Show that no matter how you're placing the numbers (1 - 12) in a clock you'll still get >= 20 when adding three numbers that are after each other.

2.

The first circle has the circumference P1 = 2{pi}r. Decide Pn

[Alvaro]

1. Divide the clock in four disjoint sets of three consecutive numbers each. If each one had a sum of at most 19, the total sum would be at most 76, but 1+2+3+4+5+6+7+8+9+10+11+12 = 78

2. Each iteration divides the radius by sqrt(2). You need little more than Pythagoras's theorem to prove it.

[Safari]

Alvaro: Where did you get sqrt(2) from?

[Jetru]

Saf:Pythagoras.

I didn't get the second question. 1+2+3 <20

[Alvaro]

Let's look at the first and second circles. The radius of the first is 1. The radius of the second is the distance between the origin and any of its points.

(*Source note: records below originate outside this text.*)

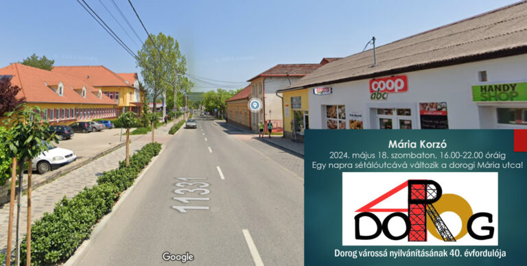 FIGYELEM! A Mária Korzó elnevezésű rendezvény ideje alatt (május 18-án, szombaton 16 és 22 óra között) a Mária utcát – a Bécsi úttól a Rákóczi utca kereszteződéséig – elzárják az autós forgalom elől. Gépjárművel kerülni a környező utcákban lehet! Továbbá a Mária utcai parkolókban, illetve a szakrendelő parkolójának területén kirakodóvásár, nyitott üzletek és utcabútorok lesznek, így tisztelettel kérik a lakosokat, hogy autóikat a környező településrész parkolóiban (sportcsarnok, Vasút sor, agora stb.) helyezzék el!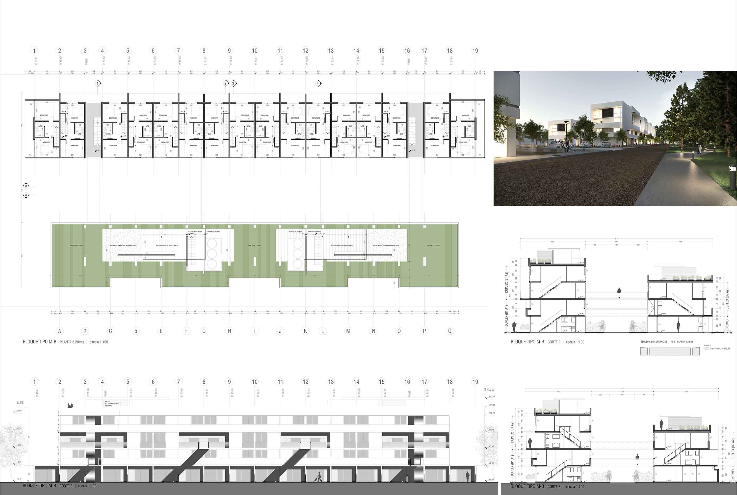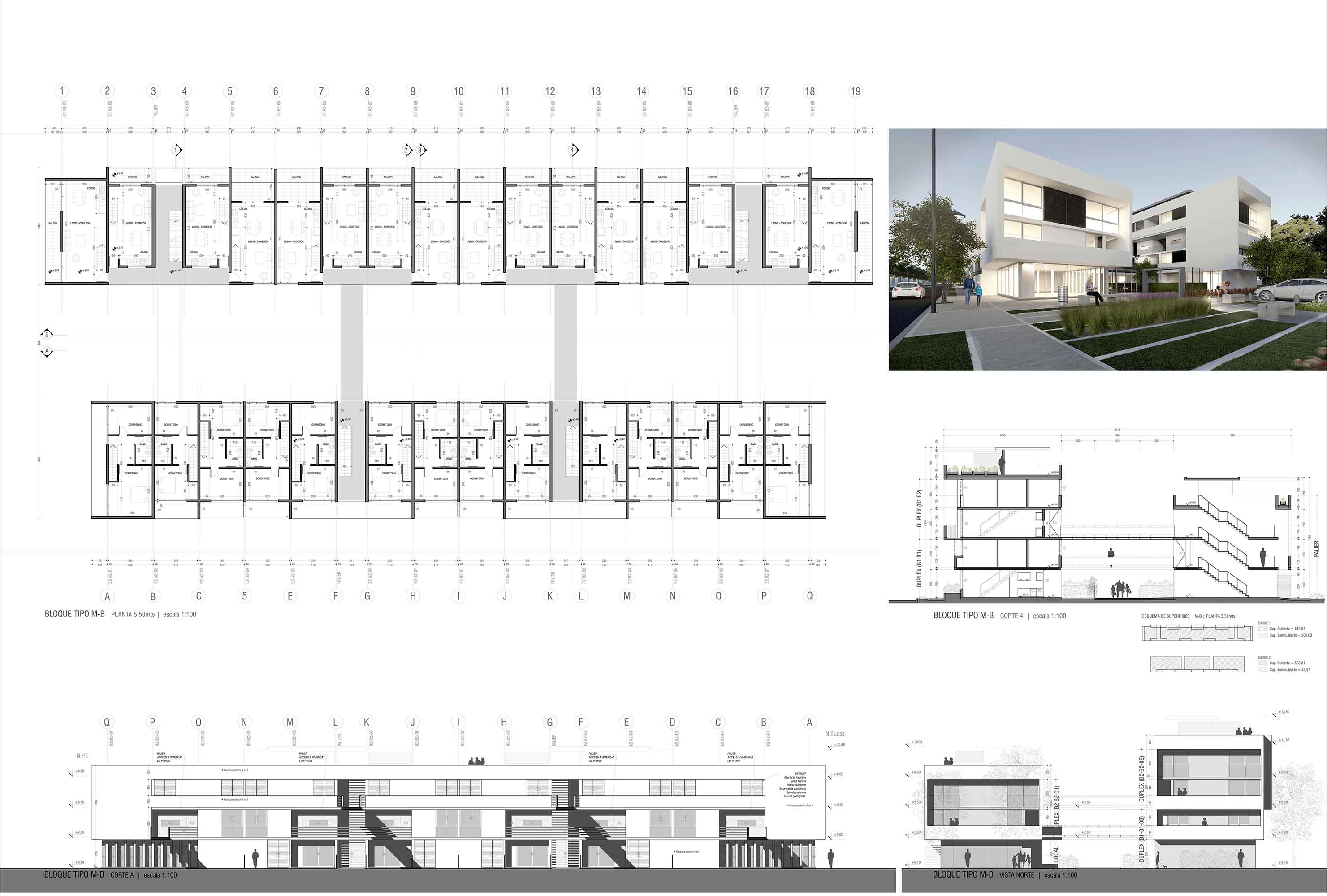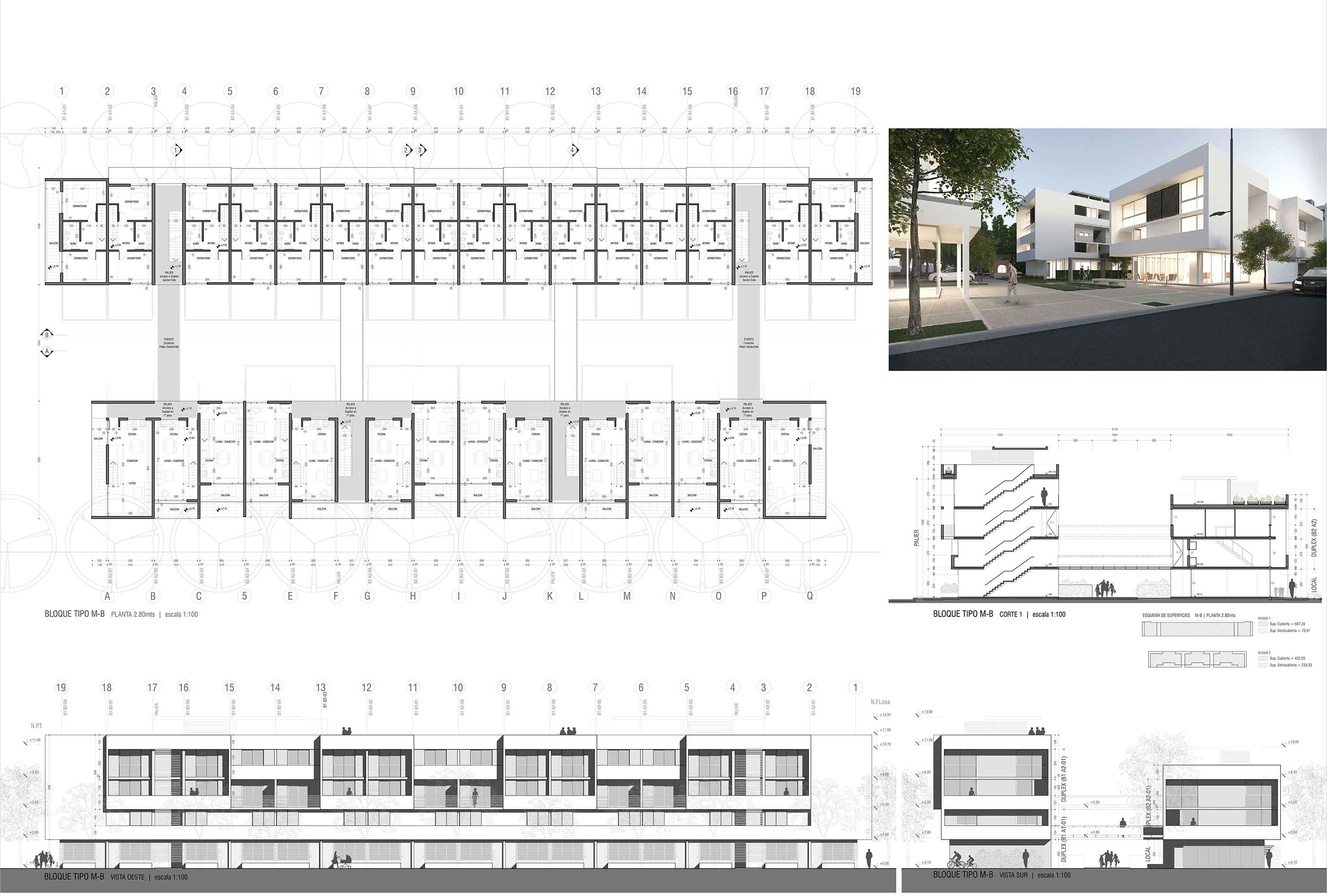 Si bien el diseño de las envolventes arquitectónicas se correspondió con el desarrollo y las presiones internas de las plantas, el modelado de las elevaciones y volumetrías incluyeron también las condicionantes urbanas más relevantes, como ser que las unidades de viviendas que ocupan las cabeceras de las tiras de dúplex se giren para obtener una fachada viva frente a los espacios verdes del conjunto, o que los balcones de los cuerpos en torre estén todos dispuestos de acuerdo a la mejores orientaciones sin obviar otras valoraciones como ser potencializar las visuales más convocantes a través de la incorporación de las vistas al río Paraná en el caso del emplazado sobre Av. Buenos Aires o la generación de perspectivas profundas al bosque de añosos eucaliptos desde el ingreso a los departamentos ubicados al Oeste en la planta del edificio sobre Pasaje Rafael Obligado.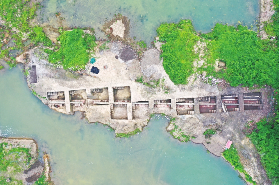 江口沉银遗址现场清理文物。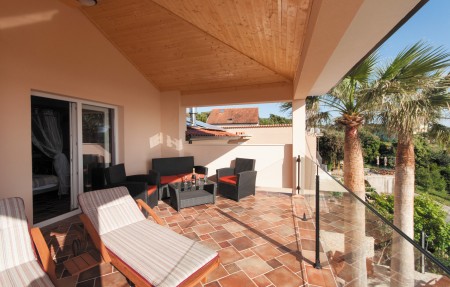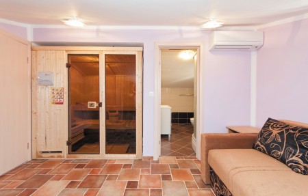 House for 8 persons: approx. 130 m², spread over three floors. The ground floor includes a fully equipped kitchen with dining area, air conditioning and access to the covered sea-view terrace, a cozy living room with a sofa, fireplace, dining table for four, air conditioning and a WC. The first floor has two bedrooms. The first bedroom comprises a double bed, wardrobe, access to the terrace with sea view and a bathroom with bathtub. The second bedroom also offers a double bed, wardrobe and a bathroom with bathtub. The second floor comprises a bedroom with a double bed, wardrobe, access to the terrace with sea view and a bathroom with bathtub. Additionally, there is a fourth bedroom with a pull-out sofa (160 x 200 cm), a bathroom with shower, and a sauna. Each bedroom is equipped with air conditioning and TV.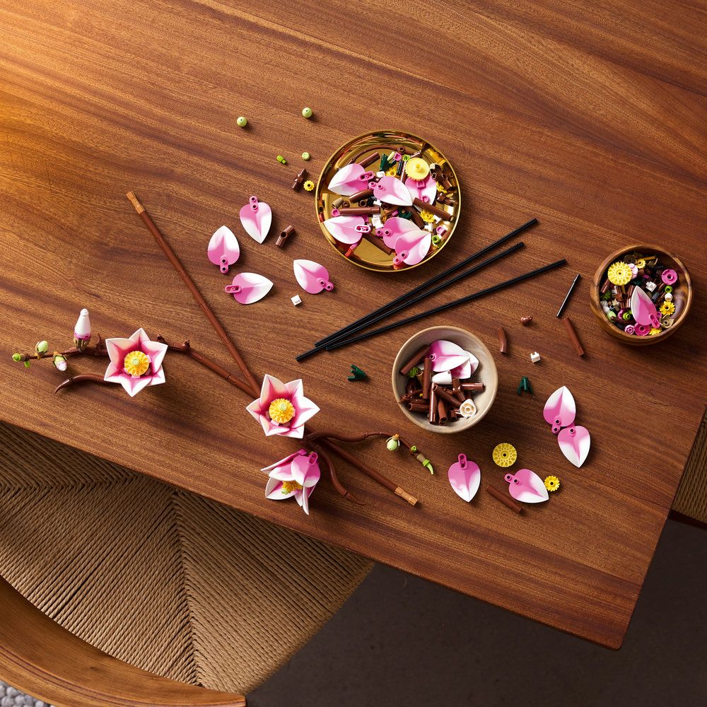 • 花卉拼砌組合-用給大人的樂高® 花藝木蘭枝(11510)拼砌套裝製作花卉擺飾。這是少數納入花卉枝條的樂高花藝系列模型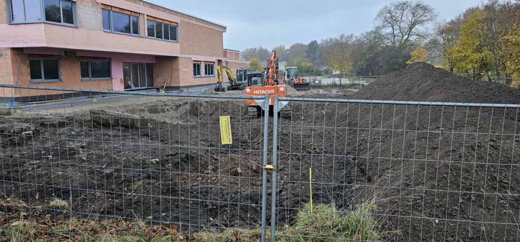 Nach lang ersehnter Zeit haben die Baggerarbeiten nach dem Spatenstich begonnen. Zuerst wurde die Fläche für das neue Gerätehaus ausgebaggert. Nach kurzer Zeit mussten die Bauarbeiten durch einen archäologischen Fund gestoppt werden. Glücklicherweise stellte der Fund sich als Fehlalarm heraus, sodass es am nächsten Tag mit den Baggerarbeiten weitergehen konnte.

One of its points is (.5,.5), where the circle is tangent to the line that goes from (1,0) to (0,1). The distance from the origin to (.5,.5) is 1/sqrt(2).

[Alvaro]

I didn't get the second question. 1+2+3 <20

That was the first question. What he meant is that no matter how you arrange the numbers from 1 to 12 on a clock, there is always going to be a group of three consecutive numbers whose sum is at least 20. Actually, the result can be improved to 21.

[Safari]

Okey, thank you. I understand the first one and I'll try to understand the second one

[Jetru]

Sorry, first question,yes. It's asking that there's going to ATLEAST ONE group of three numbers whose sum is >=20?

[Alvaro]

Sorry, first question,yes. It's asking that there's going to ATLEAST ONE group of three numbers whose sum is >=20?

Yes, that's what I said. And you can actually prove that there is at least one group of three consecutvie numbers whose sum is >=21.